We both work full time and need a plan ASAP…
A case of the Mondays
You know that scene in Office Space when Peter gets accused of having a case of the Mondays and nearly loses it on everyone around him?
That’s how Mondays used to feel for me.
I’d regularly roll into my work week hot on the heels of a busy weekend, check my to do list for the most important tasks I needed to get done and realize I was already exhausted.
Conventional wisdom made me feel worse.
Look up anything on productivity and you’re bound to find someone telling you to always do your most important work first.
Does that ever work for you?
It doesn’t for me.
I find it hard to get into deep work first thing on Monday after a fulfilling, but very full weekend. Mondays used to see me struggle to ramp up my burned out brain and attempt to tackle my most important tasks right away.
I regularly failed, felt guilty and started my weeks with entirely the wrong vibes.
How to make Mondays suck less
I decided to ignore conventional wisdom.
Doing deep work on Mondays wasn’t working for me. So, I tried shallow work instead.
Here’s what I do, you can try it too:
Create a list of all your mundane tasks (need doing, but don't need maximum brain power to do them)

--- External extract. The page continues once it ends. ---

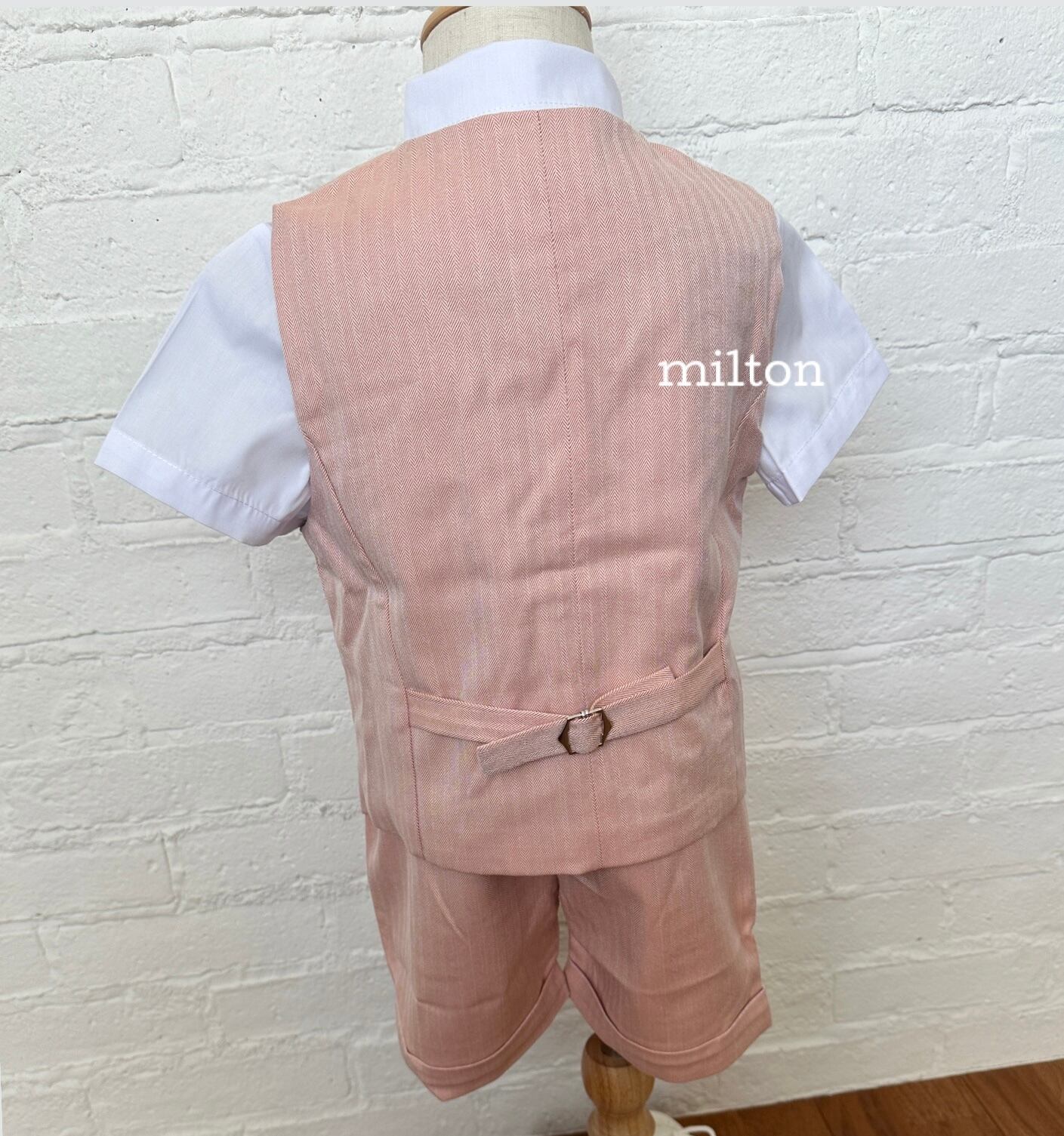 一部即納【ライトピンク半袖ベストスーツ】80 90 100 110 0歳 6ヶ月 1歳 2歳 3歳 4歳 おしゃれ 男の子 キッズ ベビー フォーマルスーツ スーツ ベージュ 淡色 セットアップ ナチュラル 子ども服 子供服 タキシード フォーマル セットアップ 半袖 キッズフォーマル ベビーフォーマル 4点セット 七五三 入園式 お誕生日 結婚式 オフホワイト ベスト 蝶ネクタイ 半袖 かっこいい 人気 セレモニー

Jam them into whatever space you have available on Monday
Get as many of them done before end of day as possible
I focus on building momentum. Not on the most important, hardest to do tasks, but on all of the smaller ones that need doing and get in the way of bigger deliverables.
Examples of great mundane tasks include:
reviewing/providing feedback on documents
reading meeting minutes
clearing out emails
attending status meetings
driving your kid to your parent’s house because daycare is closed
Momentum Mondays
It’s much easier for your Monday brain to tackle mundane tasks first.
With them out of your way, your week will be clearer for you to dive into bigger deliverables when you’re better able to go deep.
When you accomplish a lot of mundane tasks on Monday, you’ll feel momentum that carriers you through to more successful weeks—that feel better too!
Today, when I hear someone call out a case of the Mondays, I smile. I actually like Mondays now that I focus on momentum.
I just wish our daycare had given us slightly more notice so the grandparents wouldn’t have had their Monday flipped upside down.
Try it yourself: Make a list of all the small tasks you need to get done and do them next Monday.
See how you feel when they’re out of your way, leaving the rest of your week free for your biggest tasks.